Du, Kounianhua, Liu, Jianxing, Zhang, Kangning, Jiao, Wenxiang, Lu, Yuan, Jin, Jiarui, Liu, Weiwen, Yu, Yong, Zhang, Weinan

arXiv.org Artificial Intelligence

The rapid evolution of large language models (LLMs) has intensified the demand for effective personalization techniques that can adapt model behavior to individual user preferences. Despite the non-parametric methods utilizing the in-context learning ability of LLMs, recent parametric adaptation methods, including personalized parameter-efficient fine-tuning and reward modeling emerge. However, these methods face limitations in handling dynamic user patterns and high data sparsity scenarios, due to low adaptability and data efficiency. To address these challenges, we propose a fine-grained and instance-tailored steering framework that dynamically generates sample-level interference vectors from user data and injects them into the model's forward pass for personalized adaptation. Our approach introduces two key technical innovations: a fine-grained steering component that captures nuanced signals by hooking activations from attention and MLP layers, and an input-aware aggregation module that synthesizes these signals into contextually relevant enhancements. The method demonstrates high flexibility and data efficiency, excelling in fast-changing distribution and high data sparsity scenarios. In addition, the proposed method is orthogonal to existing methods and operates as a plug-in component compatible with different personalization techniques.

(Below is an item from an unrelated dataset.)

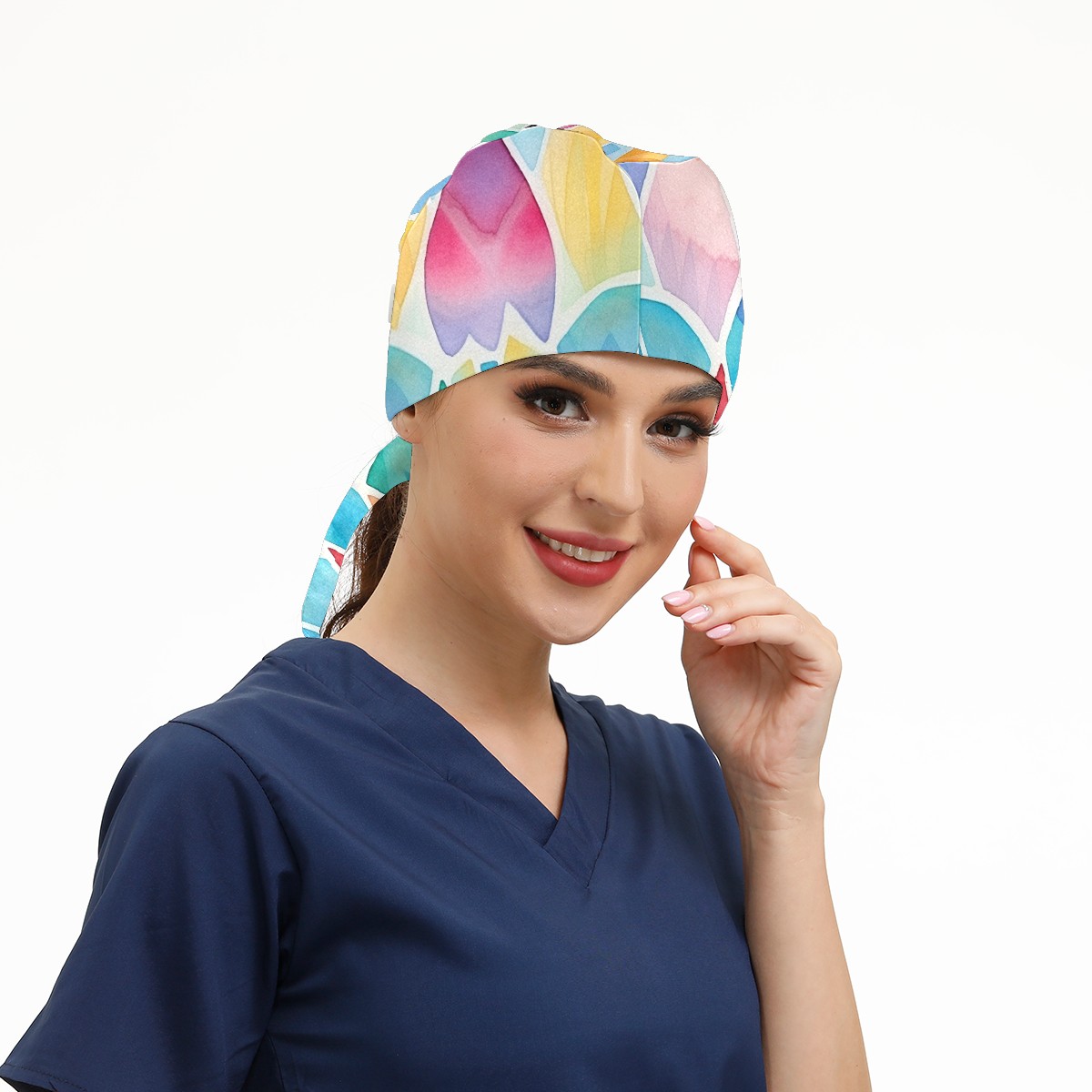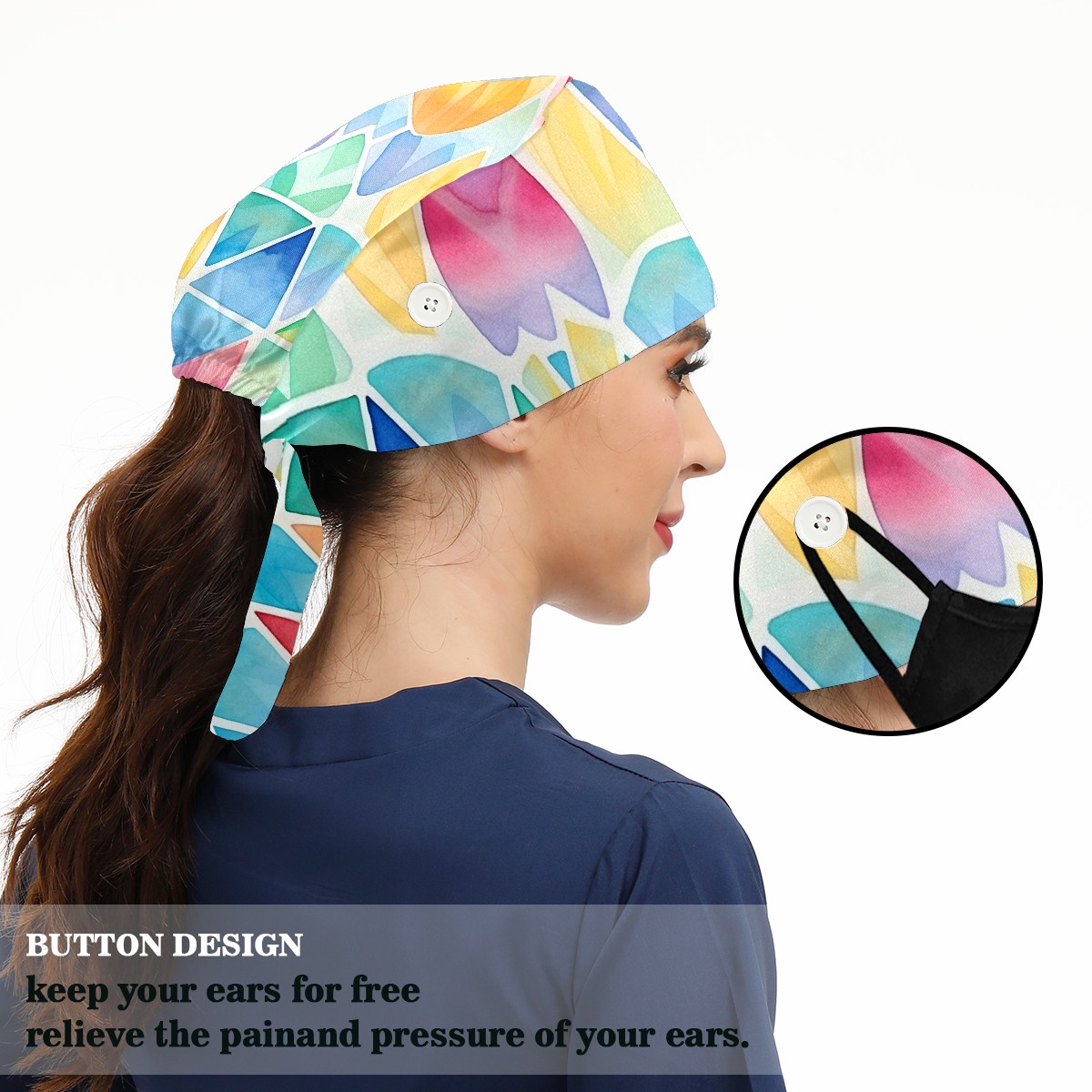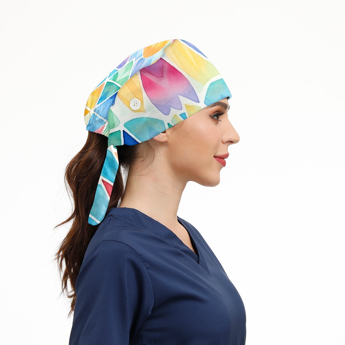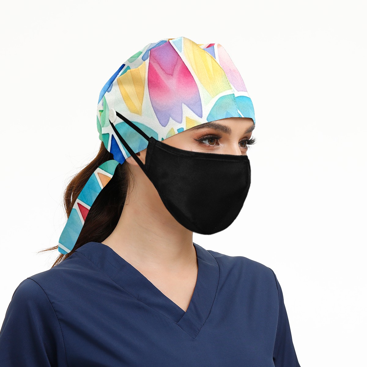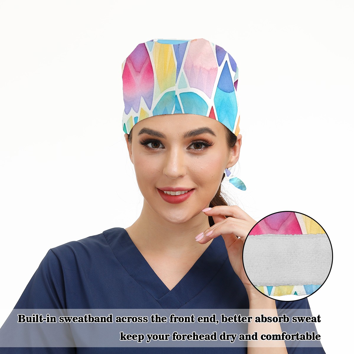 Working Caps with Button & Sweatband Satin Lined Cotton Adjustable Nurse Hats Elastic Band Scrub Cap Surgeon Hat Easter 210

Extensive experiments across diverse scenarios--including short-to-long text generation, and web function calling--validate the effectiveness and compatibility of our approach. Results show that our method significantly enhances personalization performance in fast-shifting environments while maintaining robustness across varying interaction modes and context lengths. Implementation is available at https://github.com/KounianhuaDu/Fints.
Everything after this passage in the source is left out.